Ingress Configuration Workflow

This section outlines the general workflow for ingress configuration. Depending on your use case, you might need to start from the bottom of this list and determine your firewall and whitelist requirements first. But commonly, you need to start with deciding which ingress controller you want to use. In any case, read and understand the requirements outlined below before you proceed with any configuration.
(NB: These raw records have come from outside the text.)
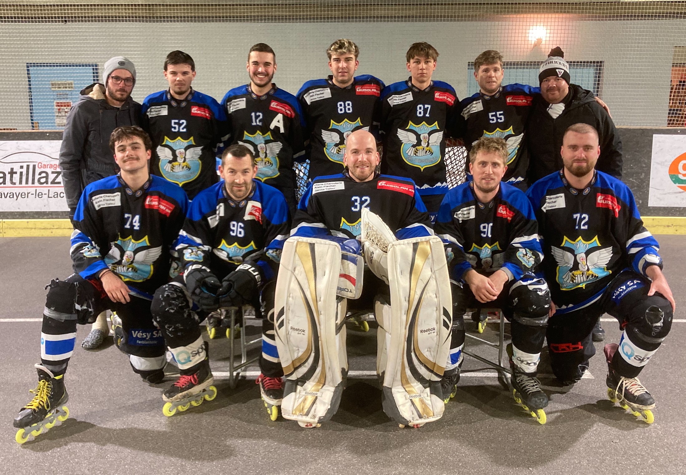Derrière de gauche à droite : Maxime Ayer, Dylan Sottaz, Léandro Salvi, Loris Berger, Thomas Romanens, Denis Roulin et Robin Marmy (coach).
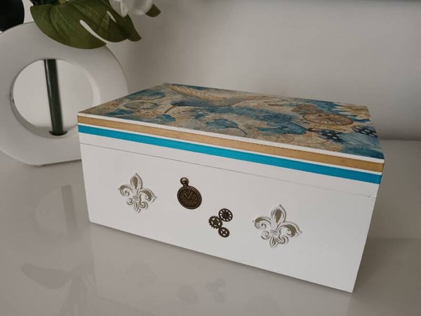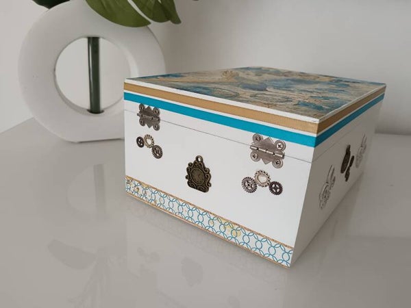 Une jolie boîte en bois à 4 compartiments parfaite pour y ranger des photos, des cartes postales, des fiches de cuisine mais aussi des vernis à ongles, des fioles d'huiles essentielles.... Décorée d'une feuille de papier de riz, de rubans, d'engrenages en métal et de fleurs de lys en bois. Chic et vintage à la fois, une idée originale pour la fête des mères, un anniversaire, Noël... Elle est protégée par deux couches de vernis. Création artisanale.
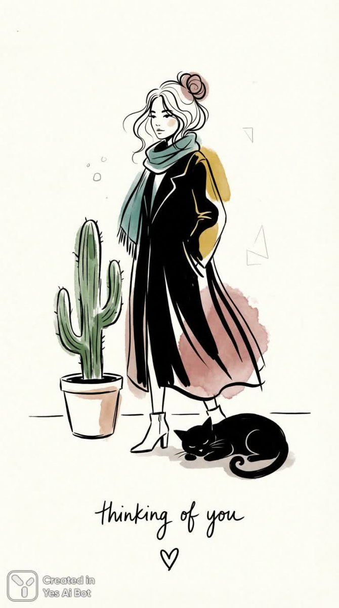 Изящная женщина с развевающимися волосами в окружении минималистичной атмосферы – это воплощение современной элегантности и утонченного стиля. В композиции чувствуется легкость и безмятежность, подчеркнутые чистыми линиями рисунка и яркими акцентами цвета. Черный кот, уютно свернувшийся к ее ногам, добавляет сцене тепла и домашнего очарования, создавая атмосферу нежной привязанности и заботы. Расположенный на заднем плане кактус символизирует стойкость, жизнелюбие и гармонию с природой. Вся картина пронизана игривым настроением и романтической атмосферой, словно приглашая зрителя окунуться в мир грез и фантазий. Это современный эскиз, выполненный с безупречной точностью линий, где каждая деталь играет важную роль в создании общей картины – визуального символа любви, красоты и гармонии. Нарисованная картина передает ощущение спокойствия и радости, заставляя задуматься о простых, но таких важных вещах: красоте окружающего мира, верности близких и важности момента. Стиль исполнения делает изображение современным и актуальным, а яркие цветовые акценты придают ему живость и выразительность, не перегружая общую композицию. Эта работа – прекрасный пример того, как минимализм может быть наполнен глубоким смыслом и эстетической привлекательностью, являясь отражением современного видения мира

A general workflow for enabling external traffic inside of a Pachyderm cluster includes the following steps:

  • Configure Kubernetes networking.

    You can use one of the following options:

    • Configure the pachd service as a LoadBalancer by changing type: Nodeport to type: LoabBalancer in the pachd service manifest. As mentioned above, this is the simplest way to expose Pachyderm services to the outside world that does not provide any sophisticated control over load balancing. This option works on most cloud platforms, such as AWS and GKE, as well as in minikube, and majorly used for internal use.
  • Configure access to your ingress public IP addresses through firewalls and whitelisting.

    If you are deploying Pachyderm on a cloud provider, you need to make sure that the ingress IP is available to external users. For example, in AWS, you can configure access through security groups in the Virtual Private Cloud (VPC) on which the Kubernetes with Pachyderm runs. Other cloud providers have similar functionality.

  • Secure the connection end-to-end.

    If you run Pachyderm in a cloud platform, the cloud provider is responsible for securing the underlying infrastructure, such as the Kubernetes control plane. Most cloud providers have a security compliance program that address these issues. If you are running Kubernetes locally, the security of Kubernetes APIs, kubelet, and other components becomes your responsibility. See security recommendations in the Kubernetes documentation.

    As for Pachyderm, you need to make sure that you deploy Pachyderm with TLS enabled. You can deploy pachd and dash with different certificates if required. Self-signed certificates might require additional configuration. For instructions on deployment with TLS, see Deploy Pachyderm with TLS.

    In addition, you must have administrative access to the Domain Name Server (DNS) that you will use to access Pachyderm. If you are deploying Pachyderm to an internal site with a self-signed certificate, contact our support organization for assistance.